(published by Heave Media)
After over 40 years and dozens of albums, I decided that it was time to see what all the fuss was about. I saw the Residents at the Museum of Contemporary Art tonight, and it's hard to say if they met expectations or not. Their way-too visible smoke machine was louder than their music. The group's masks looked like first generation Slipknot ripoffs. And the singer twiddled his fingers around like Wizzo the whole time.
The thing is, the Residents are notorious for being enigmatic. Almost like the Bob Dylan of avant-garde experimental artists, they are chameleons. The four (three on this night) members have never revealed their identities.
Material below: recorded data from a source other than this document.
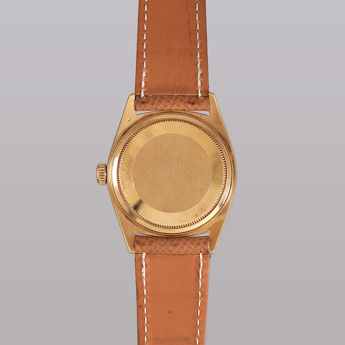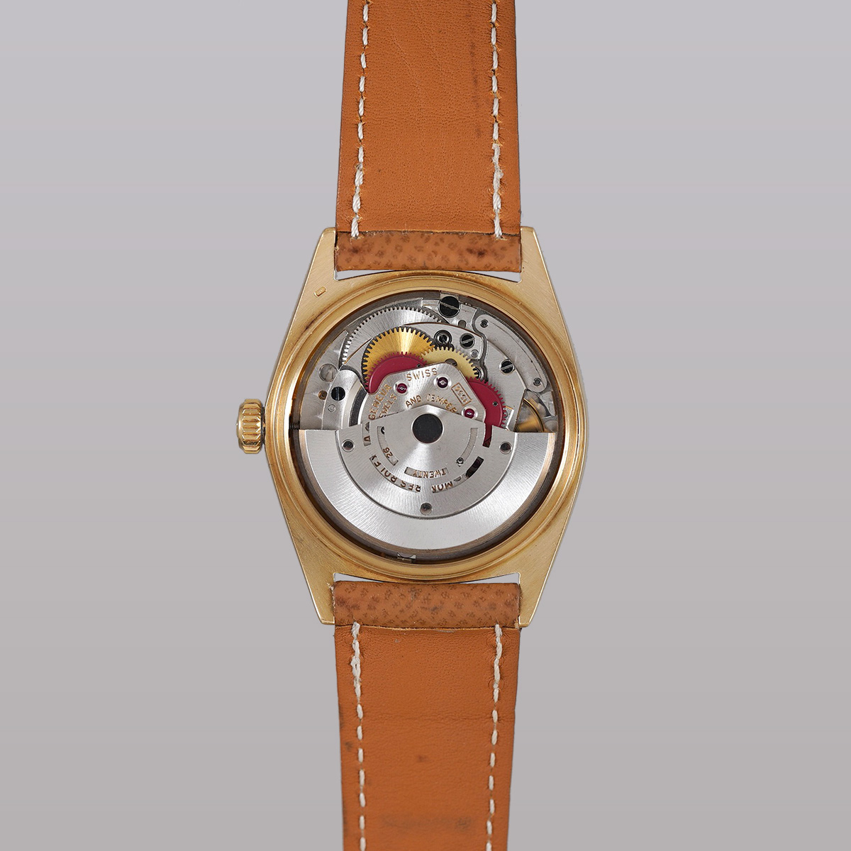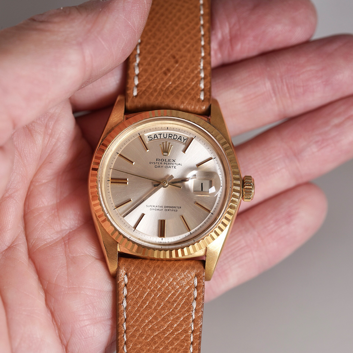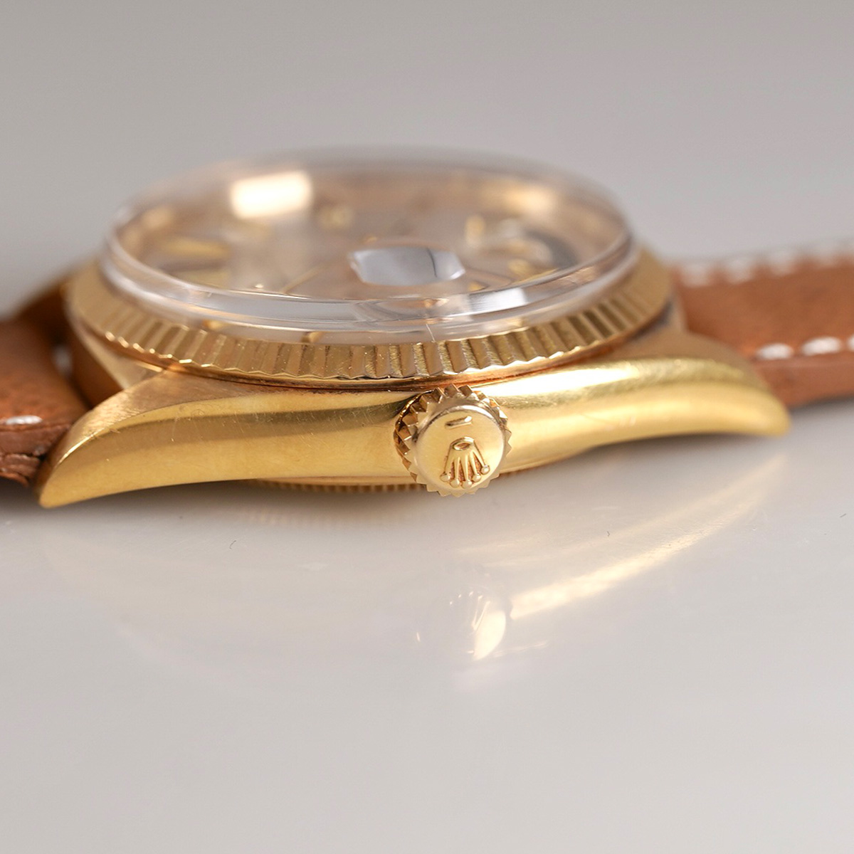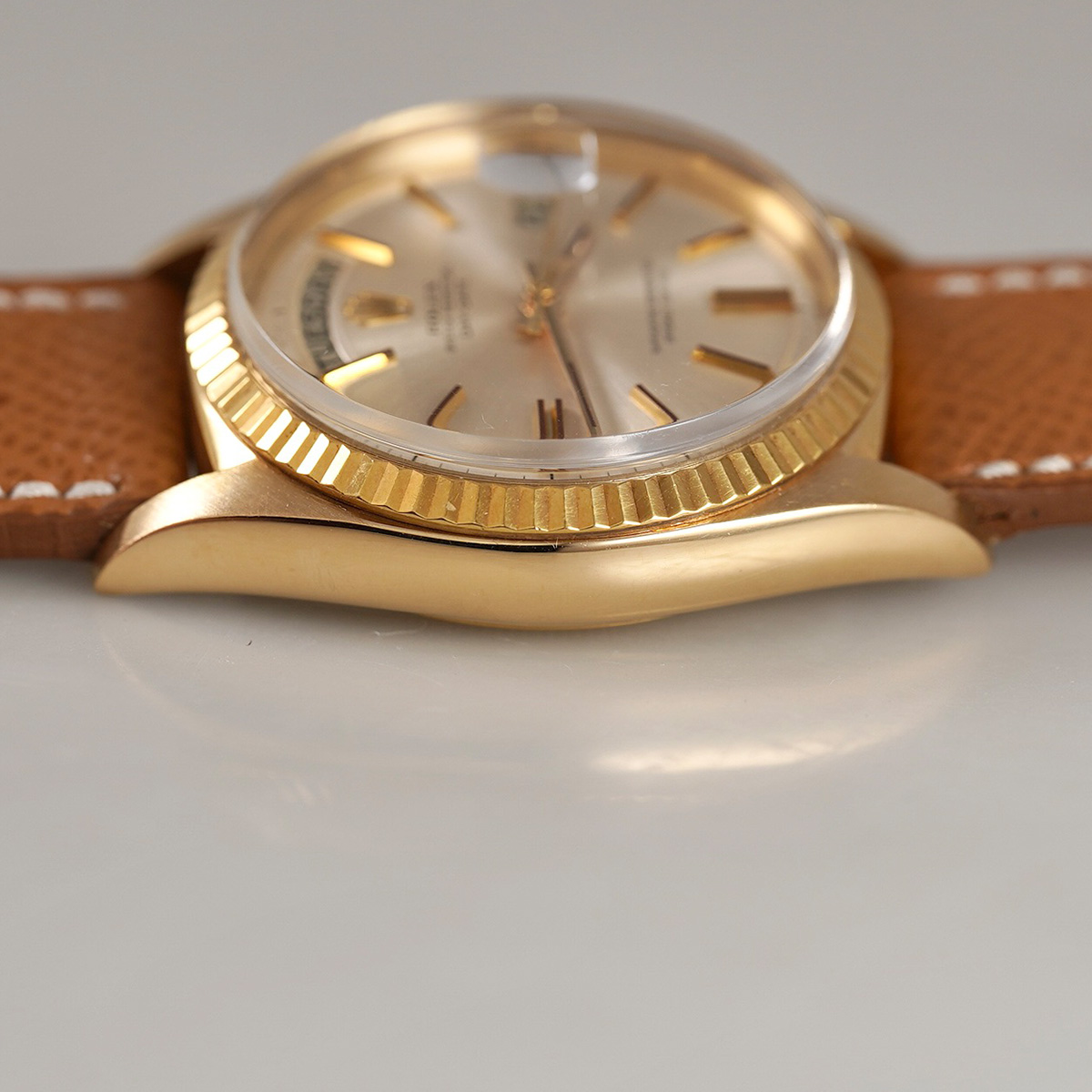 プレジデントモデルと呼ばれる、ロレックス社の1966年製. DAY-DATE(デイデイト)。 金無垢とプラチナのみで展開されていて、オイスターケースとフルーテッドベゼルの輝きが美しく、重厚感があり、同社を代表するモデルの一本。 フルスペルで表示される曜日表記はどこか愛嬌すら感じるディテール。 こちらの個体は珍しい夜光無し(ノールミナス)モデル。 針とインデックスも夜光無しです。 ややエイジングの見られる文字盤はサンレイ仕上げになり、外周に段がつき、インデックスはアップライド式。 細かいですが、ヴィンテージならではのポイントです。 ムーブメントはデイデイト専用、自動巻 Cal.1556を搭載。 小傷はありますが、ケースは過度な磨きはされておらずオリジナルのフォルムを保っております。茶系の革ベルトをセレクト。分解掃除を済ませ日差10秒程で稼働しております。 | |
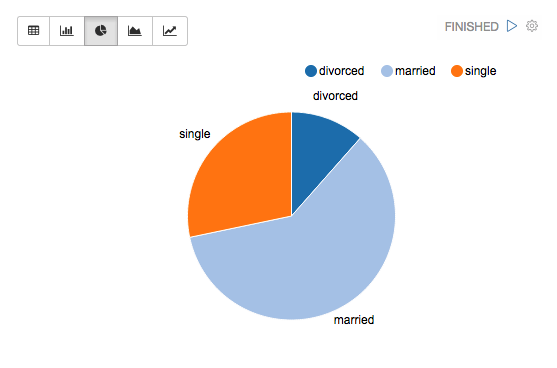 Apache Zeppelin中已经包含了一些基本图表。可视化不限于Spark SQL查询,任何语言后端的任何输出都可以被识别和可视化。
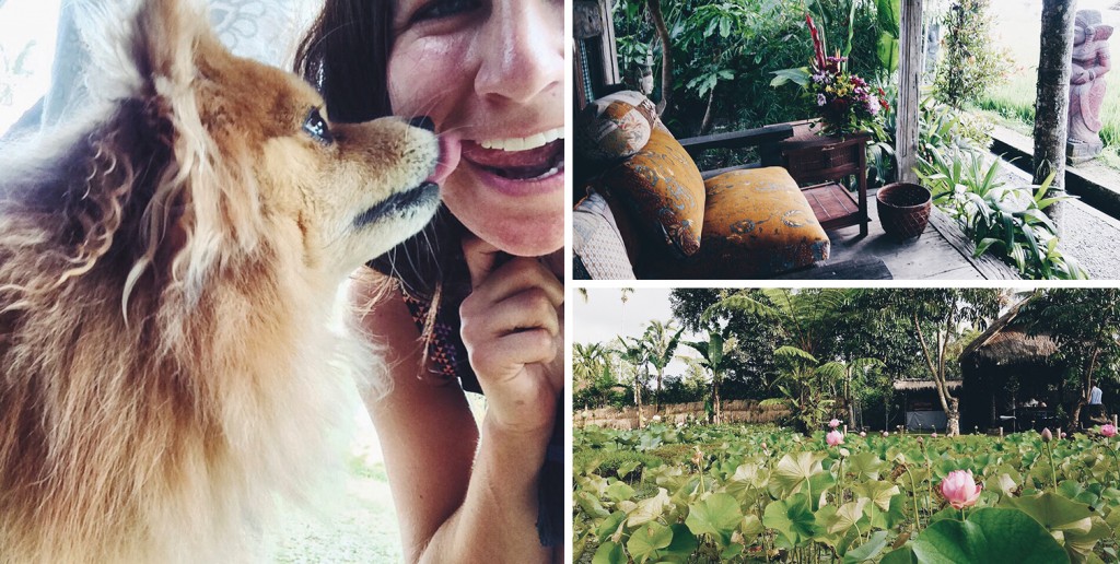 Downtime was spent eating snake fruit in the bale – a large open cabana with pillows and lots of great books to read. Often her cute dog Cantik would come hang out and demand to take selfies.
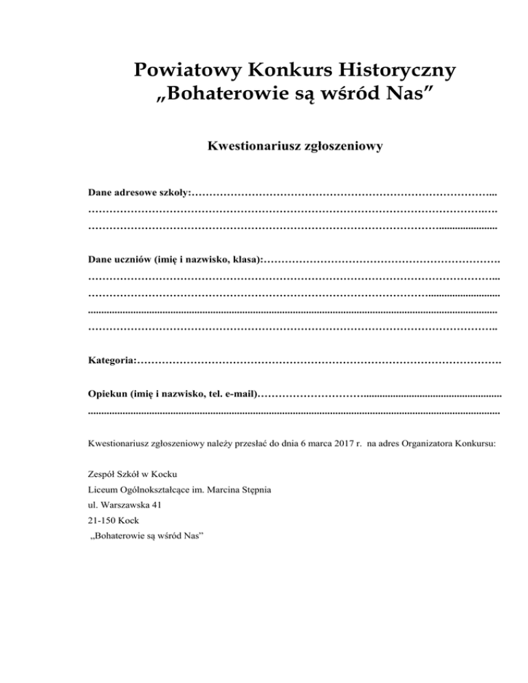 Powiatowy Konkurs Historyczny „Bohaterowie są wśród Nas” Kwestionariusz zgłoszeniowy Dane adresowe szkoły:…………………………………………………………………………... ………………………………………………………………………………………………….…. ………………………………………………………………………………………...................... Dane uczniów (imię i nazwisko, klasa):…………………………………………………………. ……………………………………………………………………………………………………... ……………………………………………………………………………………........................... .......................................................................................................................................................... …………………………………………………………………………………………………….. Kategoria:…………………………………………………………………………………………. Opiekun (imię i nazwisko, tel. e-mail)………………………….................................................... ........................................................................................................................................................... Kwestionariusz zgłoszeniowy należy przesłać do dnia 6 marca 2017 r. na adres Organizatora Konkursu: Zespół Szkół w Kocku Liceum Ogólnokształcące im. Marcina Stępnia ul. Warszawska 41 21-150 Kock „Bohaterowie są wśród Nas”

They've kept their act mysterious since the beginning, and there's no telling when or if an end is in sight.
Given their history with subversive satiric content, it's likely that tonight's performance was no different. Their theme was "ghost stories," so they used vocal effects that sounded like the Exorcist and showed videos of masked strangers telling tales of horror. None of it was really scary though. And that was probably the point.
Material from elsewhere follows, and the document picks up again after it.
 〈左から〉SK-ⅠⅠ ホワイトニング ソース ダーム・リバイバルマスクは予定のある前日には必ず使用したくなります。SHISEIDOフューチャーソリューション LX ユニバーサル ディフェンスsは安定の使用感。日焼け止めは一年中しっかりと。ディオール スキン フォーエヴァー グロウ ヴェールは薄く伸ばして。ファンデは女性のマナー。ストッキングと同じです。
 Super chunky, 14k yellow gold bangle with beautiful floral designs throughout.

Yes, Slipknot masks are dumb. Yes, smoke machines are cheesy. Wizzo was a clown. So if anyone is fooled by a cheap horror gimmick, the joke's on them. The singer occasionally spoke to the audience about the most horrifying "mirror people," which, in my humble interpretation, refers to "me and you." Humans are capable of actual horror, especially when we delude ourselves into believing that something in our imaginations can present a literal danger. This message came full circle in the closing song, "Ghostbusters."
It was not a rock concert, but a performance art piece. The MCA really was an ideal venue for this show. The Residents' mystique is resilient, and even though they're getting old in age, their ideas are as thought-provoking as ever.